Comparative Example 2 As shown in Table 1, 5% by mass was obtained in the same manner as in Example 1 except that γ-glycidoxytrimethoxysilane was not used.
Of a PVA-based resin composition aqueous solution was prepared. When the adhesiveness to the silica-deposited film and the binder power to the particulate silica were evaluated, as shown in Table 2, the adhesiveness and the binder power were inferior, and the binding property to the silica compound did not reach a practical level.

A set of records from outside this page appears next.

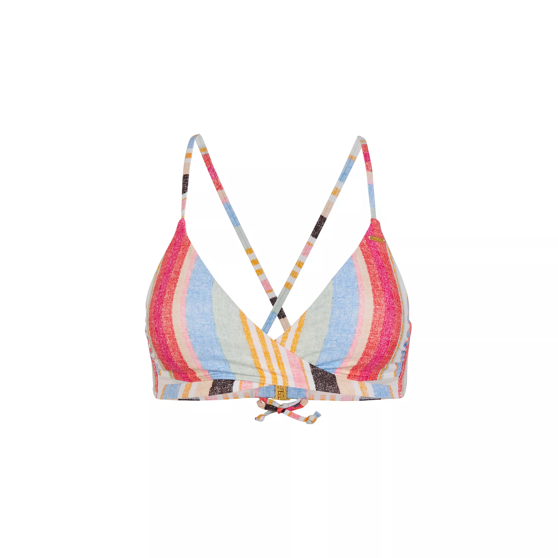Dámsky vrchný diel plaviek Baay Bikini Top, ktorý sa dobre nosí, majú nastaviteľné prekrížené ramienka, odnímateľné polstrovanie v košíčkoch, ktoré môžete jednoduchým spôsobom vybrať. Vyrobené zo 79% recyklovaných materiálov. Vyrábajú sa v živých blokových farebných variantoch a s rýchlo-schnúcou povrchovou úpravou. Klasické kovové zadné zapínanie brallete.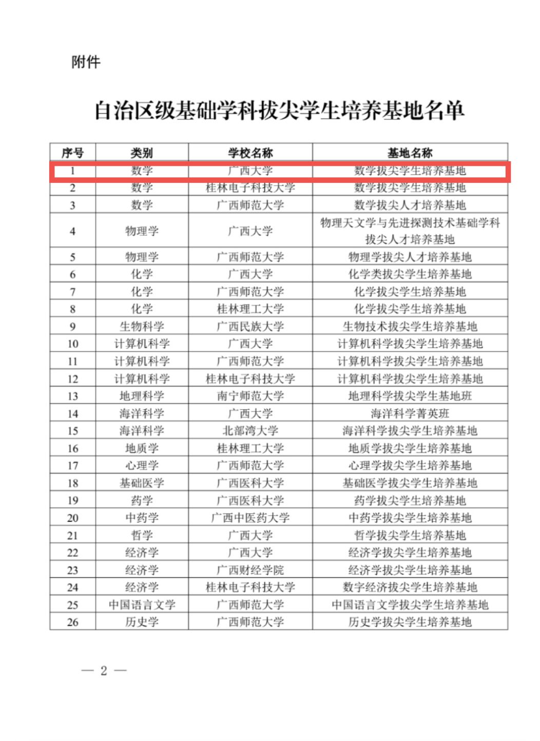近日,自治区教育厅公布了自治区级基础学科拔尖学生培养基地名单,英国365官网数学拔尖学生培养基地入选。全区共遴选确定26个自治区级基础学科拔尖学生培养基地,其中我校共7个基地入选自治区级基础学科拔尖学生培养基地。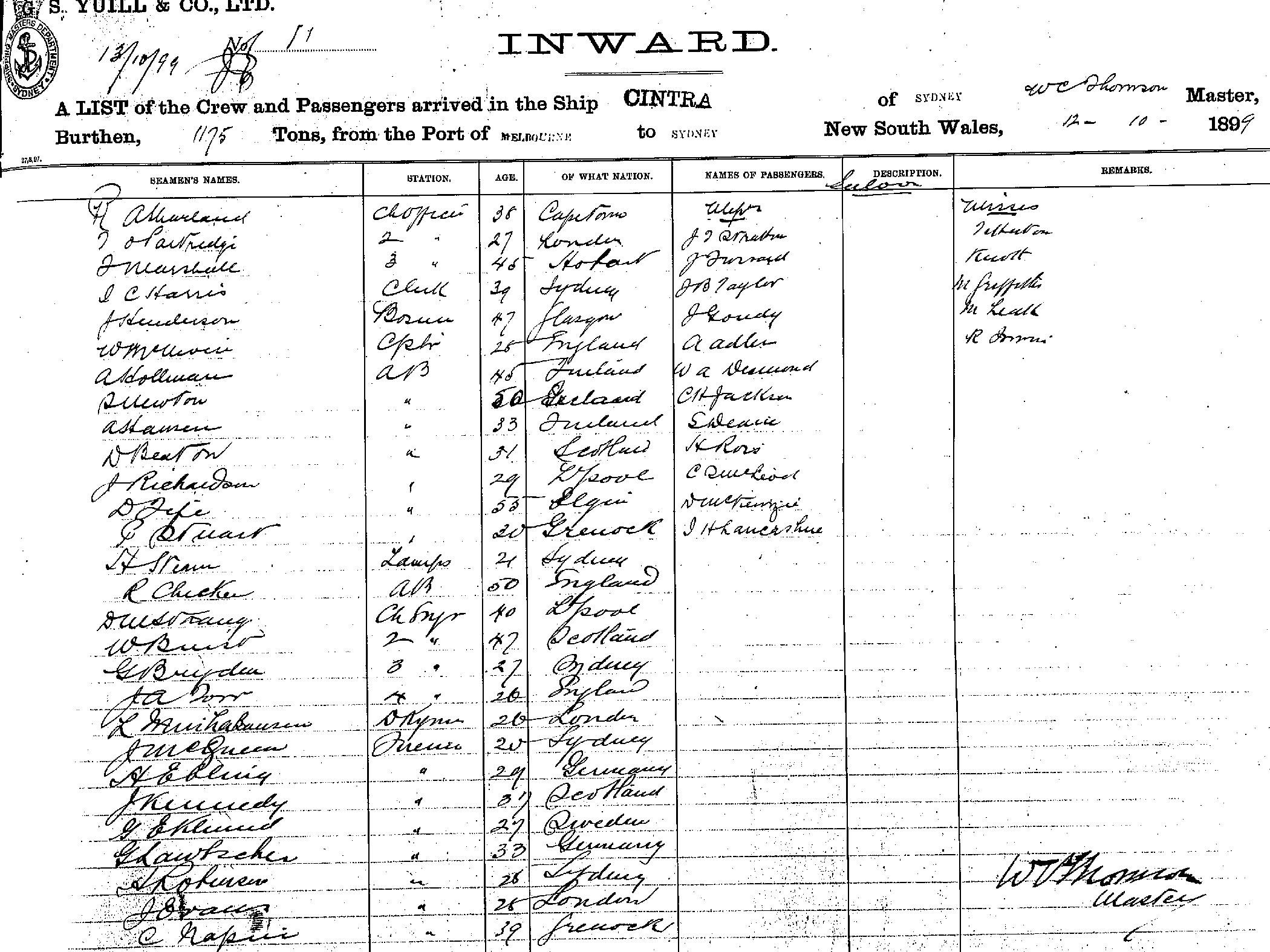 CINTRAOF SYDNEY, W. C THOMSON, MASTER, BURTHEN 1175 TONS FROM THE PORT OF MELBOURNE TO SYDNEY, NEW SOUTH WALES, 12TH OCTOBER 1899 |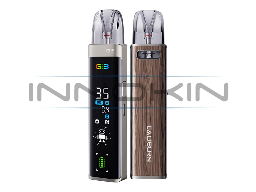 Uwell Caliburn G3 Pro Pod Kit představuje revoluci ve světě pod systémů díky masivnímu full-screen displeji v přední části, dynamickému uživatelskému rozhraní a sofistikovanému ovládání. Díky celobarevnému rozhraní na předním panelu budete mít všechny informace hezky jako na dlani. Ve spojení s novými cartridgemi Caliburn G3 s odporem 0,4 ohm navíc vykouzlíte více páry, než kdykoliv předtím. Vše potom umocní integrovaná baterie s kapacitou 1000mAh, podpora dvou metod spínání potahu a možnost regulace výstupního výkonu v ohromujícím rozsahu 5 - 35W. Vrhněte se do vapování s podporou cartridgí G3 a technologií Pro-FOCS pro co nejvýraznější chuť. Futuristický pod systém Caliburn G3 Pro naplno uspokojí každodenní potřeby všech vaperů.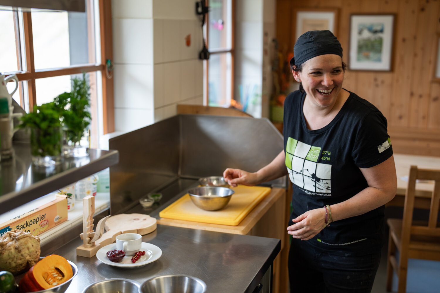 Nach einem anstrengenden Aufstieg oder einer lohnenden Tour muss man auch wieder zu Kräften kommen. Dass es allen gut schmeckt und das Essen frisch zubereitet auf den Tisch kommt, dafür sorgen Johanna und Niko mit ihrer Familie und dem Hütten-Team.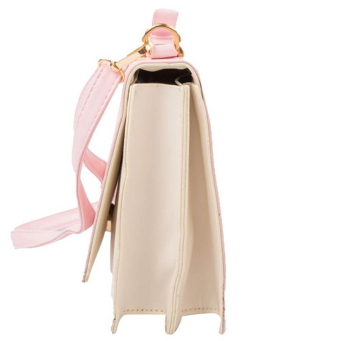 Размеры (X*Y*Z): 20 х 18 х 9 см. Материал изделия: кожзам. Материал подклады: плотная ткань. Цвет: розовый, бежевый. Цвет фурнитуры: золото. Гарантия: 1 месяц. Количество основных отделений: 2. Изделие имеет съемный плечевой ремень. Длина ремня регулируется до 127 см. Имеет несъемную ручку для переноса в руке. Аксессуар пригоден для ношения в руке, на плече, через плечо. Сумка закрывается при помощи магнитной застежки. Документы формата А4 не помещаются в аксессуар. Изделие упаковано в полиэтиленовый пакет. Страна происхождения торговой марки VALIRIA FASHION и страна-производитель - Китай.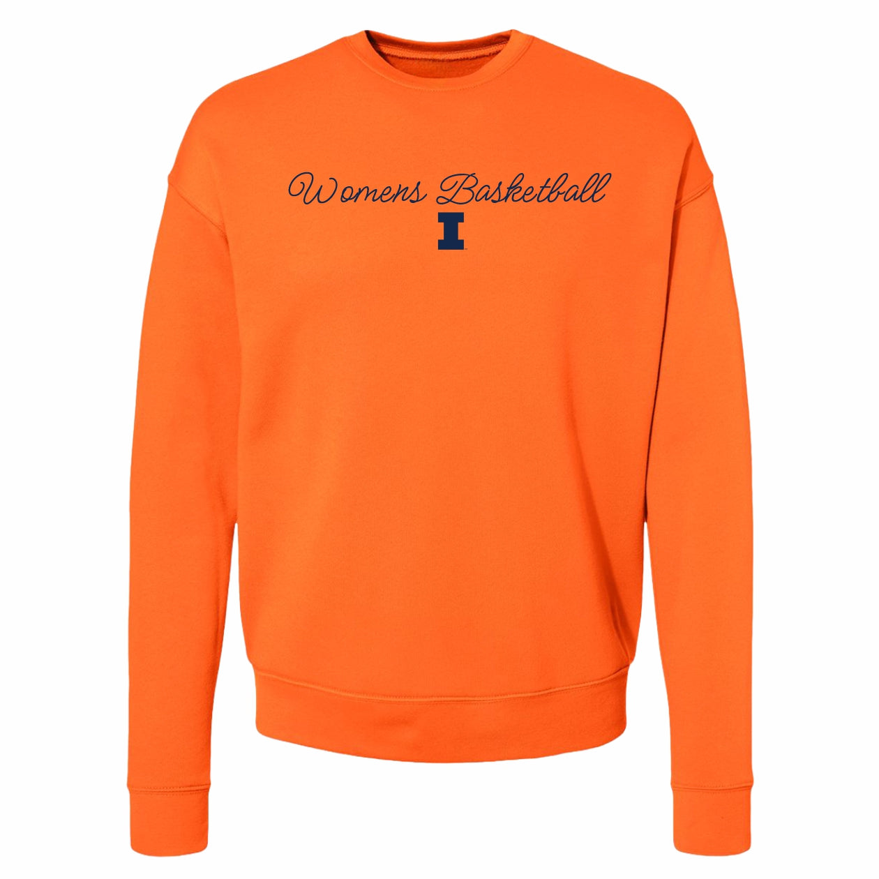 Go Illini! This Illinois Women's Basketball sweatshirt is perfect for wearing around campus or to games. This crewneck pullover features an orange body with a navy script "Women's Basketball" over a navy Block I. This women's sweatshirt is great for showing your Fighting Illini spirit! This is an officially licensed collegiate product.

Comparative Example 3 As shown in Table 1, a 5% by mass aqueous solution of a PVA-based resin composition was prepared in the same manner as in Example 1 except that aluminum sulfate was not used. Adhesion to silica deposited film,
When the binder for the particulate silica was evaluated, as shown in Table 2, the adhesiveness and the binder strength were inferior,
The binding property to the silica compound did not reach a practical level.

Comparative Example 4 As shown in Table 1, γ-aminopropyltrimethoxysilane (a silane coupling agent having no epoxy group) was used in place of γ-glycidoxytrimethoxysilane. In the same manner as in Example 1, a 5% by mass aqueous solution of a PVA-based resin composition was prepared. When the adhesiveness to the silica-deposited film and the binder power to the particulate silica were evaluated, as shown in Table 2, the adhesiveness and the binder power were inferior, and the binding property to the silica compound did not reach a practical level.

[0029]

[Table 1]

[0030]

[Table 2]

[0031]

According to the present invention, it is possible to obtain a silanol group-containing PVA-based resin composition which is excellent in binding property with a silica compound and which can be obtained by an industrially advantageous method. Can be suitably used, for example, as a coating agent for a thermoplastic film having a silica vapor-deposited layer, a binder for a substrate for an inkjet printer, and the like.

 ──────────────────────────────────────────────────続 き Continued on the front page F term (reference) 4J002 BE021 DB01 DD03 DD07 DD08 DE06 DE07 DE09 DE14 DE19 DE23 DF03 DG046 DH04 DJ00 DK00 EC07 EE04 EG03 EG04 EG05 EV06 EX067 EZ00 GH00

Claims (4)

[Claims] 1. A resin composition comprising (A) a polyvinyl alcohol resin, (B) a polyvalent metal salt, and (C) a silane coupling agent having an epoxy group. 2. The resin composition according to claim 1, wherein the polyvalent metal salt is aluminum sulfate. 3. The resin composition according to claim 1, wherein the polyvinyl alcohol resin is a partially saponified polyvinyl alcohol having a saponification degree of 85 to 90 mol%. 4. The polyvinyl alcohol-based resin is a saponified product of a diacetone acrylamide-fatty acid vinyl ester copolymer.
The resin composition as described in the above.